In his column in FT Deutschland, Wolfgang Munchau writes that a V-shaped recovery is very unlikely to occur in Germany for two reasons. The first is the real effective exchange rate that has been appreciating at an extreme pace, a trend that get worse as the US dollar weakens. The second is the continued under-capitalisation of German banks, which puts the country into a position of a permanent credit crunch. The optimal policy response in such a situation is a grand bank recapitalisation scheme – based on bank closures, nationalisation, forced mergers – and a much more aggressive exchange rate policy, especially in respect of countries like China that have recently devalued against the euro.

 

 

Tito Boeri on the Italian budget

Writing in Lavoce, Tito Boeri gave a very critical assessment of Giulio Tremonti’s 2010 budget. There is are €8bn in funds, to be earmarked for tax cuts and spending – a line item known in Italy as manovra – so it is not a consolidating budget. It is not a budget that contains new ideas, it is not even a conservative budget, as it opens several new spending taps that might be difficult to close later. But worst of all, this is once again a budget that fails to address the issue of poverty in Italy, a country in which 3m people are considered to fall below the poverty line. Boeri proposes a number of ideas to help fight poverty.

 

Petis on competitive devaluations

Michael Petis, writing in the FT, warns about the effects of competitive devaluations on global trade, after last week’s devaluation by Vietnam, and in view of China’s continued dollar peg. Once again it seems we are going to make the same mistake. “Countries that can expand their share of global demand by competitive devaluations are seeking to do so.

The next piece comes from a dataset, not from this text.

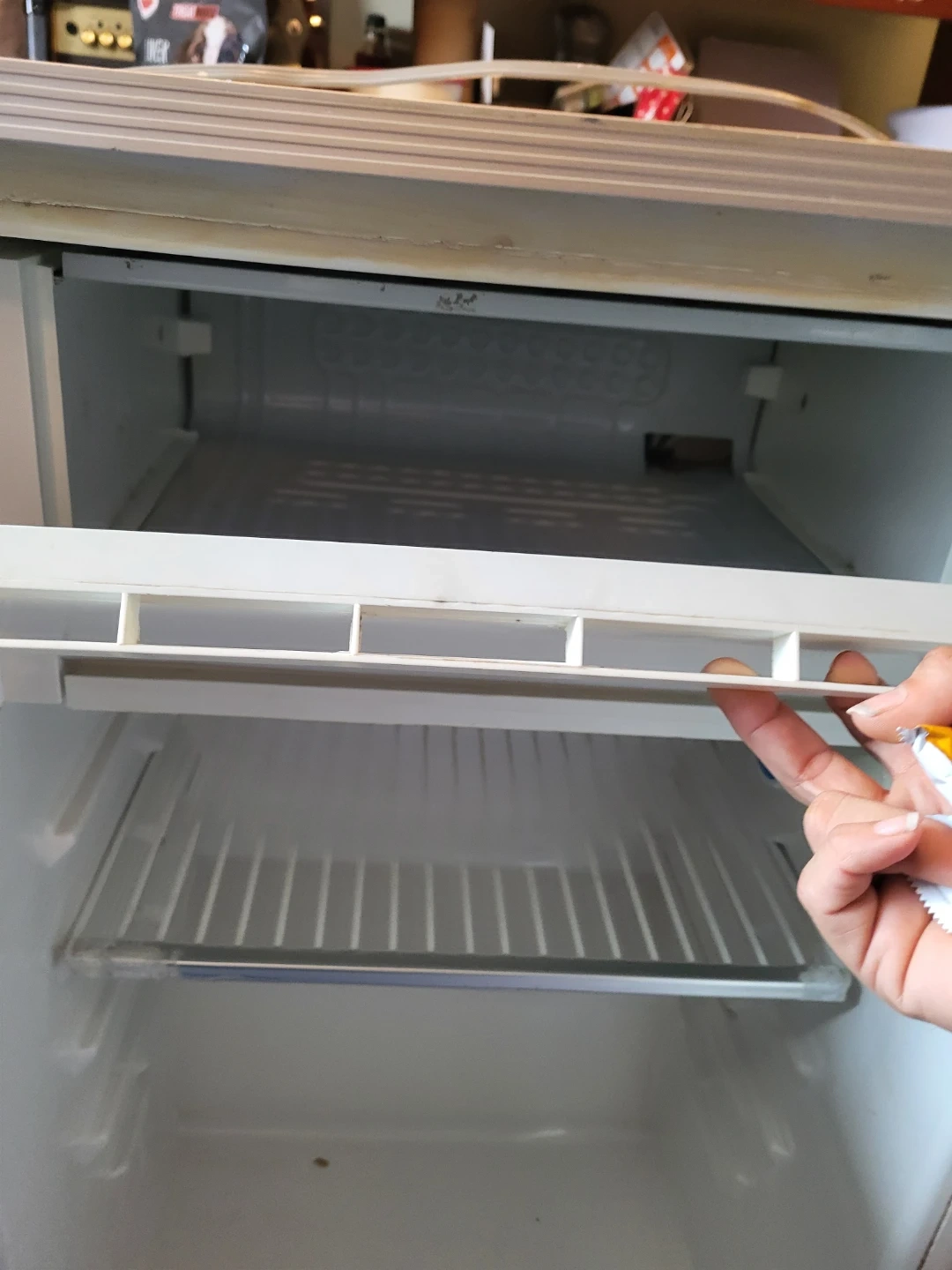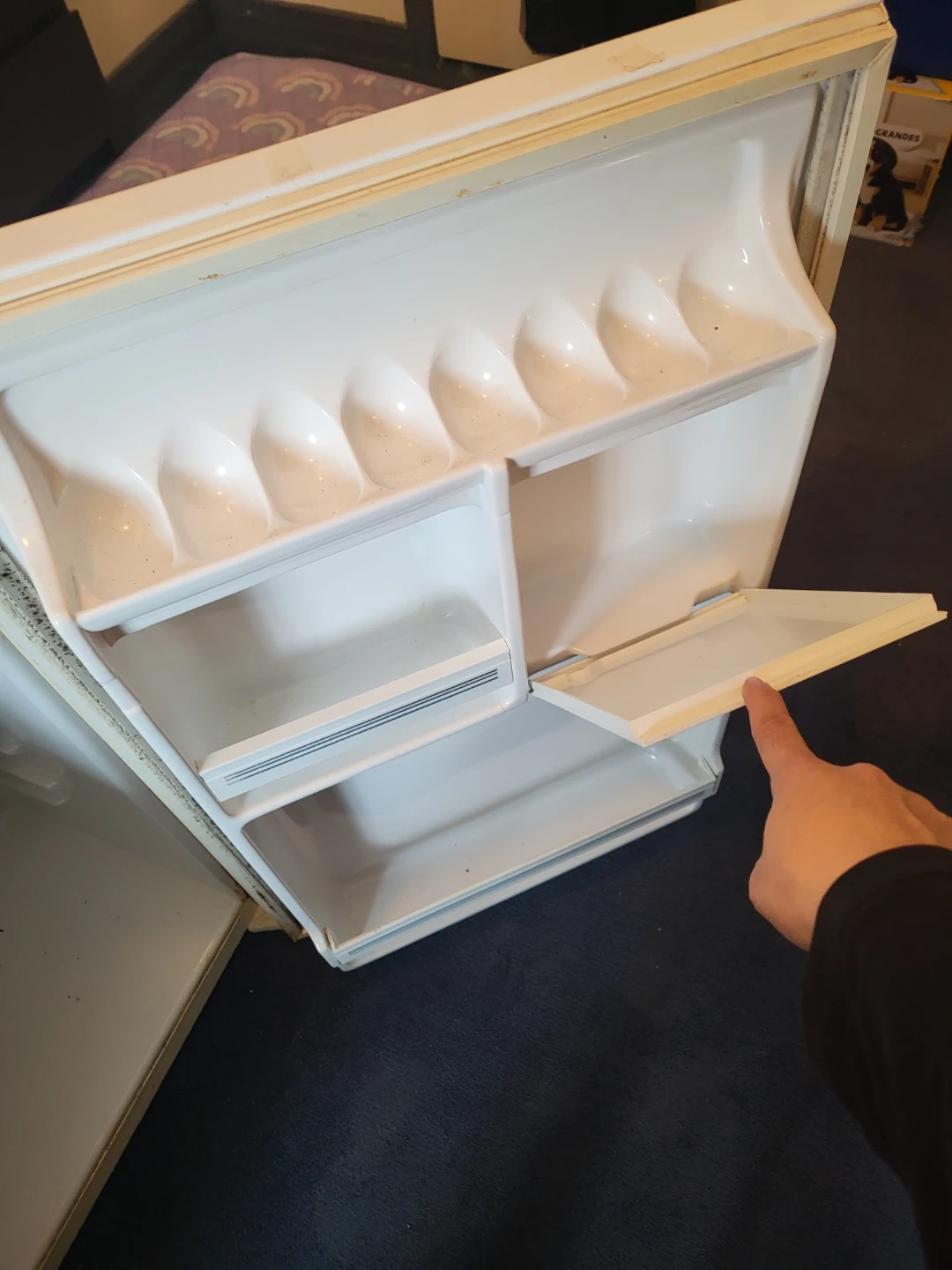 This is a white mini fridge. It's a compact size, perfect for a garage or small space. The interior has adjustable shelves and door compartments. Works great although very load.

Countries that cannot will almost certainly consider more direct forms of intervention. We should worry. Without serious global co-ordination, in which the US and Europe forswear protectionism in exchange for significant appreciation of undervalued currencies, rising tariffs appear inevitable.”

 

The end of Buiter

So there goes another blog. Willem Buiter is about join Citigroup as chief economist, and will thus stop blogging and start writing columns. ”Academics have no duty other than to state the truth as they see it - to ’speak truth to power’.  This gives them the ability to be undiplomatic, blunt, tactless and outspoken in ways that are unacceptable in the wider world - the world of grown-ups.”